Borough Council to discuss bond for rebuilding streets

November 16, 2004|by RICHARD F. BELISLE

WAYNESBORO, PA. - There's a map in Kevin Grubbs' office in Waynesboro Borough Hall that color-codes the 60 miles of borough streets in green, blue, black, red and yellow.

The streets represented by red could mean some hefty tax increases for borough residents.

Grubbs, assistant borough engineer, said Monday that the Borough Council has scheduled a special public meeting for 6:45 p.m. Wednesday at Waynesboro's Borough Hall to discuss floating an $8.9 million bond to pay for the total reconstruction of nearly half of the borough streets.

Their condition is so bad that they need to be torn up and rebuilt, he said.

About 46 percent of the borough's streets show up in red on Grubbs' map.

The next-worst roads, those in black on the map, need new overlay. Grubbs estimated it would cost about $950,000. Those streets represent about 20 percent of the total.


The streets shown in blue, about 14 percent, need only minor repairs and the rest, those in green, are in good condition, according to the map.

Streets marked in yellow, including Main Street, are state-owned streets and are the responsibility of the Pennsylvania Department of Transportation.

Borough Councilman Dick George, chairman of the council's street committee, first mentioned the need for a public meeting about street conditions two weeks ago.

Wednesday's session will precede the council's regular meeting by 45 minutes.

"The infrastructure is not in good condition," George said in an interview last week. Residents on Park Street signed petitions this summer demanding that the council do something about the "deplorable" conditions on that street, he said.
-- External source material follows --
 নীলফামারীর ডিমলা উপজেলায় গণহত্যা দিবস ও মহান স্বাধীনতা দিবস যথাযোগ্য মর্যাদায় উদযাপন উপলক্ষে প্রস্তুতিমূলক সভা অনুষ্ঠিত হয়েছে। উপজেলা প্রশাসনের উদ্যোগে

"We started to look elsewhere and saw that a lot of the streets need immediate attention," George said. "I found that very little local tax money has been put into the streets over the years."

For the most part, he said, the only sections of the borough where the streets are in good condition are those that have been repaired through Community Development Block Grant funds that the borough receives every year. The rules require that block grant money be spent in areas where low- to moderate-income residents live.
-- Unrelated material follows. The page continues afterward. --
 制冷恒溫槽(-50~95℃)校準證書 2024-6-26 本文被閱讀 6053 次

The borough has been spending about $300,000 a year in block grant funds to repair roads in those sections, George said.

"The rest gets nothing," George said. "We're now at the point where quite a few streets have been let go and have to be rebuilt from the base up. That is very expensive."
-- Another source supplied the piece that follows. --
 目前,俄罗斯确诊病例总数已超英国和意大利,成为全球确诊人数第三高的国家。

He estimated that it will cost $250,000 to $300,000 to reconstruct a single block of borough street.

George said the borough has two options - do nothing and see the deterioration continue and the cost increase significantly, or start the process to correct the situation.

Grubbs said the work would have to be phased in over a period of at least 10 years.

The borough's street department is not capable of doing the work, he said.

"We don't have the large trucks, the equipment or the manpower," Grubbs said.